TASK: Your job with the data below: print everything from the line that holds "Hier gingen insgesamt" down to the line that holds "19 世紀 と特定されています。", ends included, exactly, and nothing else.

MATERIALS PROVIDED:

*-*-*

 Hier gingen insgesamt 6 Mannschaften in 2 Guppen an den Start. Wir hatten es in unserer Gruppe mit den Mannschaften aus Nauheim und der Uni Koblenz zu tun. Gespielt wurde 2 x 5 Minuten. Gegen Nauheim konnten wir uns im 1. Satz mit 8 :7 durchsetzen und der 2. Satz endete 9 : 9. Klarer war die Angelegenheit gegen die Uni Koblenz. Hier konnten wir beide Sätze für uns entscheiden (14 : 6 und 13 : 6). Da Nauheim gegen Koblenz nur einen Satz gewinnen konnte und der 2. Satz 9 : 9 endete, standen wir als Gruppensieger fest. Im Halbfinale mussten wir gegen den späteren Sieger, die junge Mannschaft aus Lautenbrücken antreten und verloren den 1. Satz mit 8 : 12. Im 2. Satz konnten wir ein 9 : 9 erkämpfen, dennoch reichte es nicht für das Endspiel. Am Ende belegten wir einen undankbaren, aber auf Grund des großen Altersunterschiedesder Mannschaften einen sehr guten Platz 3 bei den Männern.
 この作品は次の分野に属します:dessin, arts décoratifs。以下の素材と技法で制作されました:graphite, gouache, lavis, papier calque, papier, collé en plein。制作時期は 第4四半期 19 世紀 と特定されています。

*-*-*

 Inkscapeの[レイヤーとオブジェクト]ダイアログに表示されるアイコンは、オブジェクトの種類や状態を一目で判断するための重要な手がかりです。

*-*-*

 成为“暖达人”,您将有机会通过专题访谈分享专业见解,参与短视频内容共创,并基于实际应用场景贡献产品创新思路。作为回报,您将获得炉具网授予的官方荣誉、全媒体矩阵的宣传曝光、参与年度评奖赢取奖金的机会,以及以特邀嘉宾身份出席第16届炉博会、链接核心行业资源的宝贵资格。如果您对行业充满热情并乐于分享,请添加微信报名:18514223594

*-*-*

ANSWER AREA:
 Hier gingen insgesamt 6 Mannschaften in 2 Guppen an den Start. Wir hatten es in unserer Gruppe mit den Mannschaften aus Nauheim und der Uni Koblenz zu tun. Gespielt wurde 2 x 5 Minuten. Gegen Nauheim konnten wir uns im 1. Satz mit 8 :7 durchsetzen und der 2. Satz endete 9 : 9. Klarer war die Angelegenheit gegen die Uni Koblenz. Hier konnten wir beide Sätze für uns entscheiden (14 : 6 und 13 : 6). Da Nauheim gegen Koblenz nur einen Satz gewinnen konnte und der 2. Satz 9 : 9 endete, standen wir als Gruppensieger fest. Im Halbfinale mussten wir gegen den späteren Sieger, die junge Mannschaft aus Lautenbrücken antreten und verloren den 1. Satz mit 8 : 12. Im 2. Satz konnten wir ein 9 : 9 erkämpfen, dennoch reichte es nicht für das Endspiel. Am Ende belegten wir einen undankbaren, aber auf Grund des großen Altersunterschiedesder Mannschaften einen sehr guten Platz 3 bei den Männern.
 この作品は次の分野に属します:dessin, arts décoratifs。以下の素材と技法で制作されました:graphite, gouache, lavis, papier calque, papier, collé en plein。制作時期は 第4四半期 19 世紀 と特定されています。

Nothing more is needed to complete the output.